The world’s largest audit and advisory firms are currently working to improve their internal behaviour and cultures, amid a slew of scandals. In 2021, a partner at EY resigned after being fined by a professional body for sexually harassing a female trainee on a work ski trip, a case that resembled other occurrences which had rocked PwC in 2018, and KPMG’s Dutch firm in 2016.

As a result, many professional firms have taken steps to reduce the risk of alcohol-fuelled incidents at work events, such as banning ski trips and designating “sober chaperones” for field trips.

Now, PwC has found itself at the heart of another scandal involving heavy drinking. This time, the firm is facing demands for compensation due to the consequences of pub crawl that left an employee with brain injuries.

Michael Brockie, who is still employed by PwC, claims that employees were under severe pressure to participate in binge drinking, at a 2019 event led by the manager of the PwC office in Reading. According to Brockie, the manager had invited employees with the announcement that staying away from the outing was only possible after submitting a doctor's certificate.

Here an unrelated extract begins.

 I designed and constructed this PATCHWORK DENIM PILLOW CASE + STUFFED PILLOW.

The intent of the so-called 'pub golf pub crawl' event was for participants to go to visit bars and nightclubs, to drink. In a drinking game that many graduates will be familiar with, the participants were handed out score cards, on to which they were to record how many attempts it took them to down glasses of drink. Legal documents reported on by the Financial Times stated that Brockie did not remember anything after 10pm from that night, and he was later found unconscious on the street.

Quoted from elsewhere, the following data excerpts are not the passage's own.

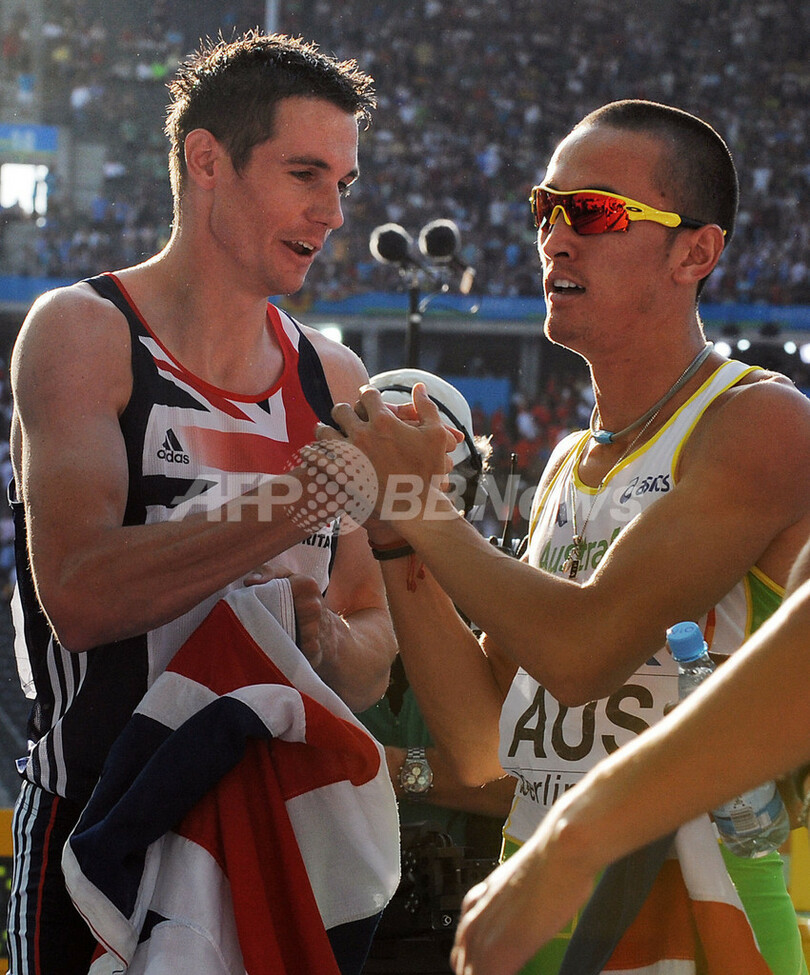 3分0秒53で英国が2位、3分0秒90でオーストラリアが3位に入った。写真は健闘を称えあう英国のマーティン・ルーニー(%%Martyn Rooney%%)とオーストラリアのショーン・ロウ(%%Sean Wroe%%、右)。(2009年8月23日撮影)(c)AFP/OLIVIER MORIN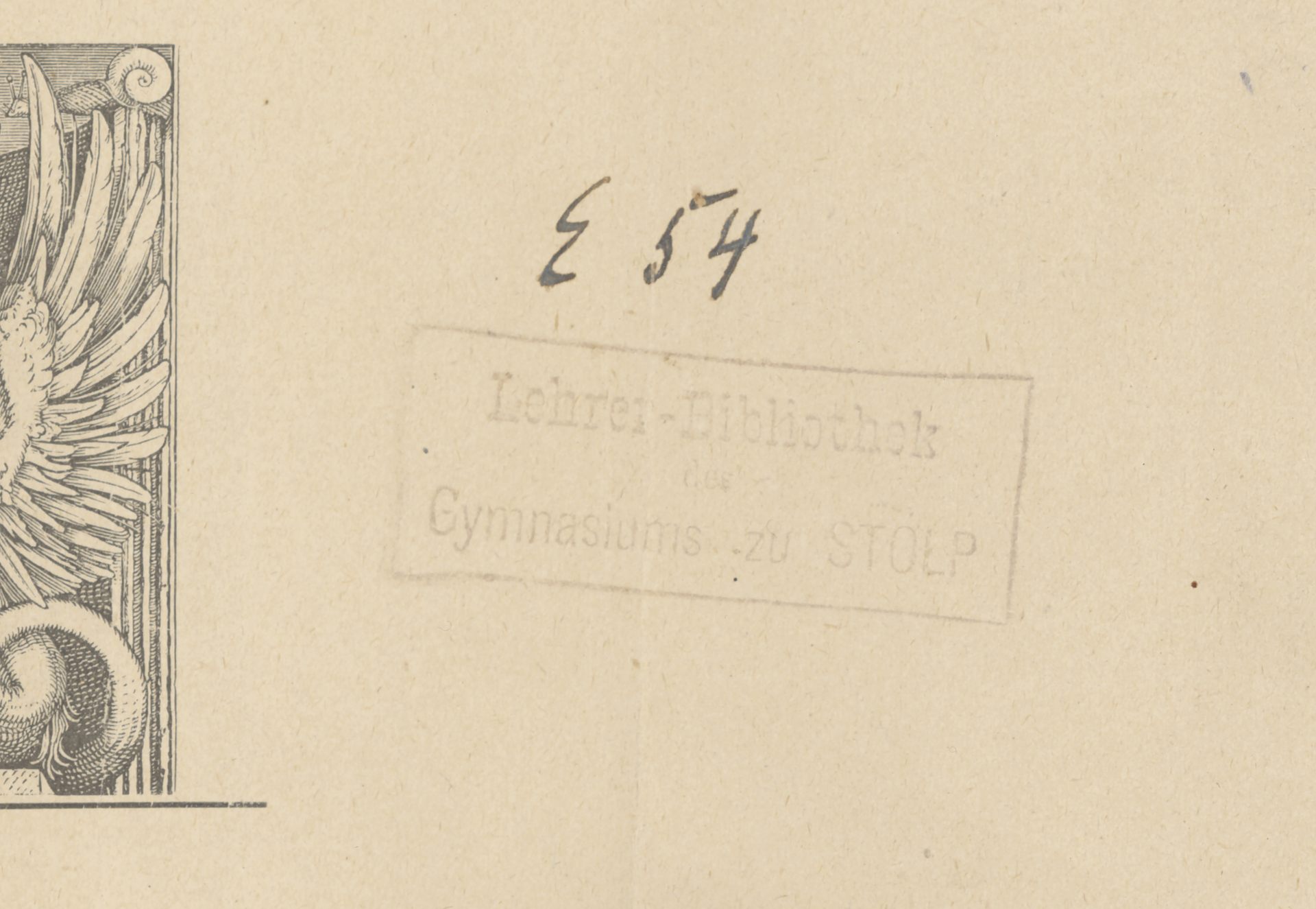 Andrees allgemeiner Handatlas in 228 Haupt- und 198 Nebenkarten. Achte neubearbeitete und vermehrte Auflage. - Pieczątka prostokątna Lehrer-Bibliothek des Gimnasiums zu STOLP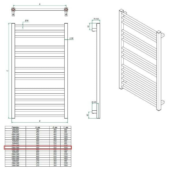 | Габариты (ШхВхГ) | 530x1500 мм / вес — 11.4 кг / |
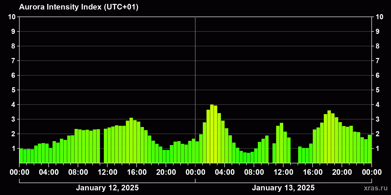Changes in the auroral intensity index from 2025-01-12 to 2025-01-13 local time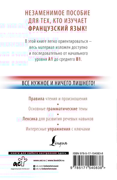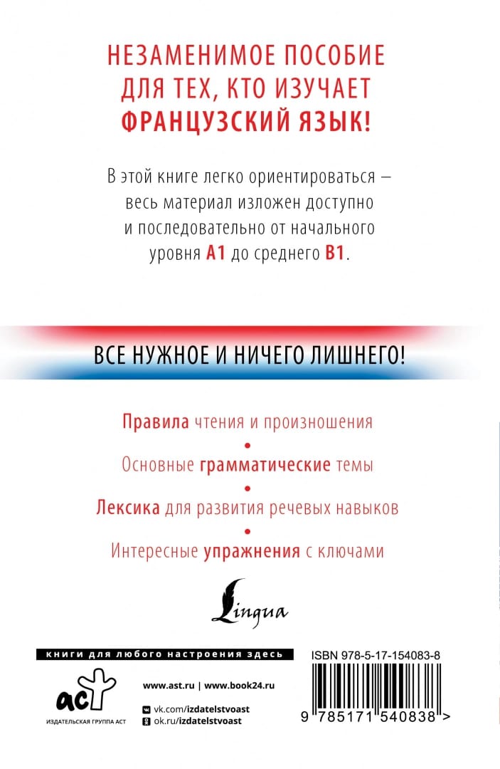 Вы быстро научитесь читать на французском, разберетесь в артиклях и временах и научитесь строить простые предложения благодаря особому способу подачи материала, который учитывает психологические особенности освоения иностранного языка. Множество примеров, наглядных таблиц и упражнений с ключами позволят закрепить изученный материал. Пособие подходит всем, кто только начинает изучать французский язык.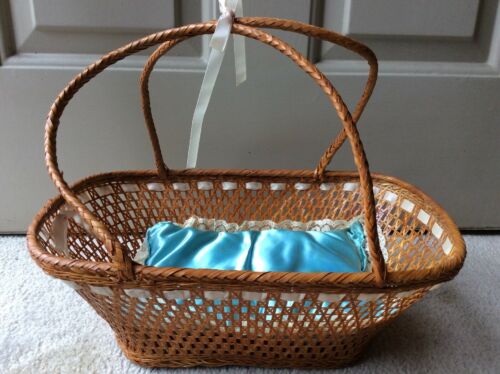 Title (ebay affiliate link): Vintage Doll Baby Bassinet Wicker Basket Bed W/ Pillow For 12" Or Smaller #10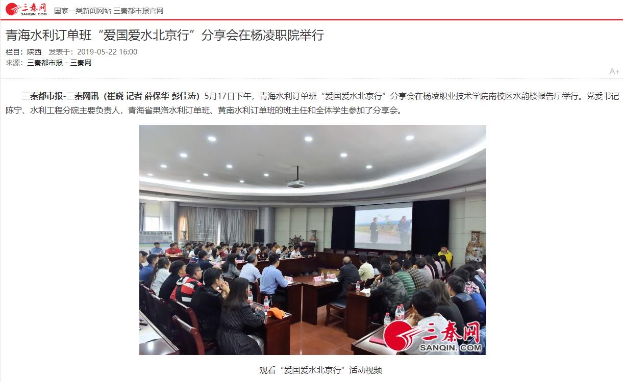 【三秦网】青海水利订单班“爱国爱水北京行”分享会在杨凌职院举行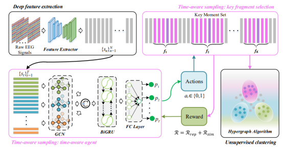 在本文中,我們將從EEG時間序列中挖掘關鍵情感片段的過程形式化為馬爾可夫決策過程,并通過DRL訓練生成一個時間感知代理,無需使用標簽信息。首先,時間感知代理從特征提取器獲取深度特征作為輸入,并生成樣本級的重要性分數,反映了每個樣本包含的情感相關信息。然后,基于獲得的樣本級重要性分數,我們保留與情感高度相關的前X個連續EEG片段,同時丟棄其余部分。最后,我們將這些連續片段視為關鍵情感片段,并將它們輸入到一個超圖解碼模型中,以進行無監督聚類。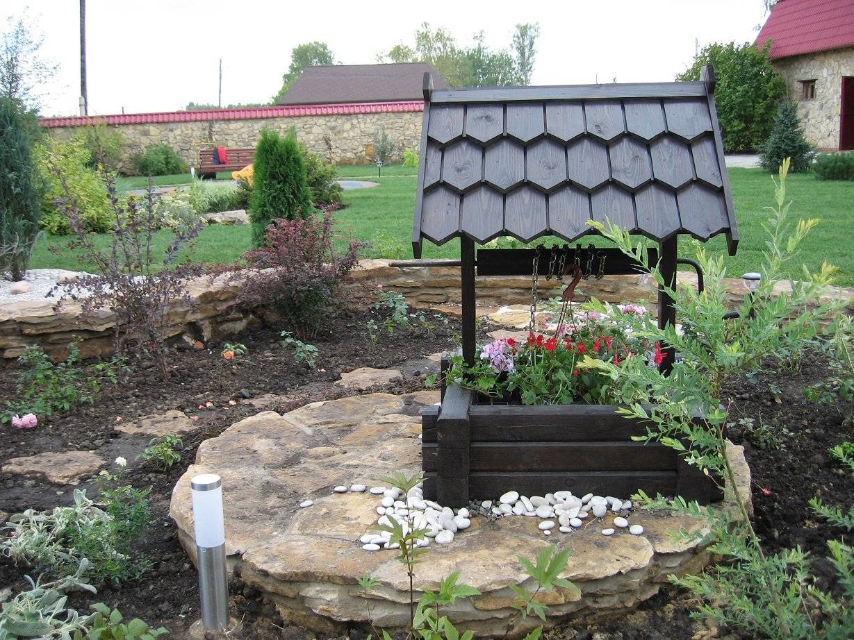 - Декоративные. Используются для украшения участка, а также маскировки инженерных коммуникаций, в единичных случаях – как скважина с питьевой водой. Их можно дополнительно оформлять крышей, на которой высаживают ампельные растения.

When news broadcasters from ITV reported on Brockie’s injuries in early 2020, they suggested the PwC staffer had fractured his skull, having fallen on his head during the pub crawl. After Brockie was operated on at John Radcliffe Hospital in Oxford, he started a £15,000 fund-raising campaign for the hospital. Staff there said at the time that it had been unclear whether he would survive – having had half of his skull removed during initial treatment – and called him a “walking miracle”.

According to Brockie, the incident left him with brain damage. He was unable to work at all for six months afterwards, while three years on, he claims he still has problems concentrating and doing his job. According to his LinkedIn profile, he was promoted to Manager in PwC’s Reading office in early 2022.

The Financial Times also reported he is claiming preliminary damages of £200,000 from PwC – where partners earned an average of £1 million last year – pending a future, final settlement for compensation. It is not yet known when the case will go to the High Court.